A book Jeremy Corbyn should read
Friday, April 06, 2018
Tell them to go to all the important English and American offices and agencies. Tell them not to leave until they have obtained guarantees that a way has been decided upon to save the Jews. Let them accept no food or drink, let them die a slow death as the world is looking on. Let them die. This may shake the conscience of the world.
It is impossible, utterly impossible. You know what would happen. They would simply bring in two policemen and have me dragged away to an institution. Do you think they will let me die a slow, lingering death? Never ... they would never let me.
On May 13, 1943, came the epilogue to our meeting. I will remember that day till I die. I was sitting in my room in Dolphin Square during a brief respite, resting, when the telephone rang. I deliberately let it ring three or four times and then I picked up the receiver reluctantly. It was an employee of Stratton House.

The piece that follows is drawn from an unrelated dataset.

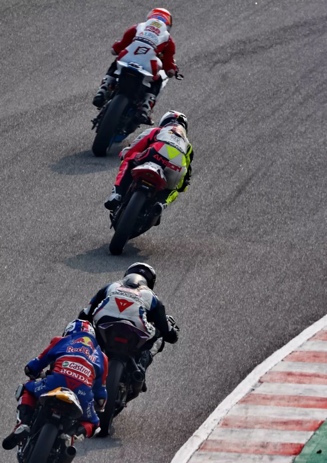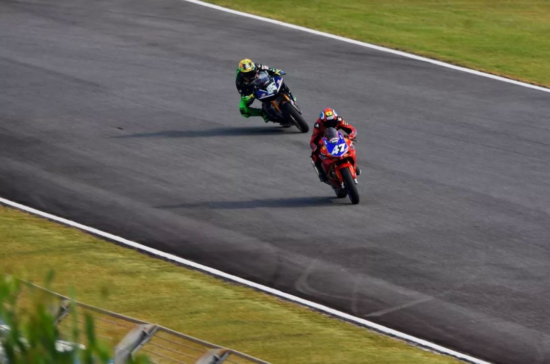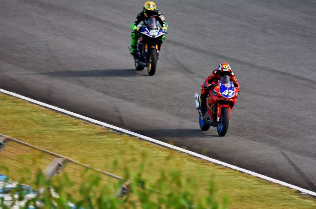 第一節(jié)比賽的賽程是 10 圈。與 ARRC 中的 UB150、AP250 級別相比,ZIC 級別前列位置的爭奪明顯平淡得多,李宗在起步后就搶到了領(lǐng)先的位置、并絕塵而去,剩下王一博與駕駛 47 號車的張垚(Honda CBR250RR)來了一回全場的追逐。

"Mr Karski, I was told to inform you that Szmul Zygelbojm, a member of the Polish National Council and representative of the Bund in London, committed suicide yesterday. He left some notes, saying that he did all he could to help the Jews in Poland, but failed, that all his brothers will perish, and that he is joining them. He turned on the gas in his apartment."
I hung up.
At first I felt nothing at all, then a wave of mingled, shock, grief and guilt. I felt as though I had personally handed Zygelbojm his death warrant.
Having met with the Polish Prime Minister and General Sikorski, with Sir Anthony Eden and with the one time Deputy Leader of Jeremy Corbyn's party, Arthur Greenwood (among many others) Karski was ordered to Washington DC, where he met President Roosevelt. He stayed on in America and went on to have a distinguished career as a professor at Georgetown University. He was posthumously awarded the Presidential Medal of Freedom by President Obama in 2012.
I commend his book to you. I put off reading it for some time because of its dark content. That decision meant I was finishing it against the background of the Labour Party's antisemitism scandal. It was particularly poignant and difficult to be reminded of those horrors while listening to Corbyn's mealy-mouthed denials of his obvious sympathies with those who would drive the descendants of Europe's surviving Jews into the sea. It made even more disgusting the statements of the demented, ignorant "Momentum" rabble comparing Israel to Nazi Germany as they court the votes of Britain's Muslims whose ancestors mostly sided with Hitler and whose home countries' schools and madrassas (and some of their Imams here) still teach hatred of Jews.
Poland has much to be proud of in relation to its conduct under German occupation. There was no Polish Quisling or Lord Haw Haw. The Underground ran a secret state in the face of extreme violence. In the end, though the Allies "won" they saved few Jews. They also delivered the brave Poles into the hands of one of only two historical leaders even worse than Adolf Hitler – leaders respected, incidentally, by many in Momentum.
Poles can be particularly proud of Jan Karski, a hero not just to them, but to all decent humans. If Jeremy Corbyn really wanted to solve the anti-semitism problem in his ranks, he might consider requiring every Momentum member to read this book. Somehow I doubt he will.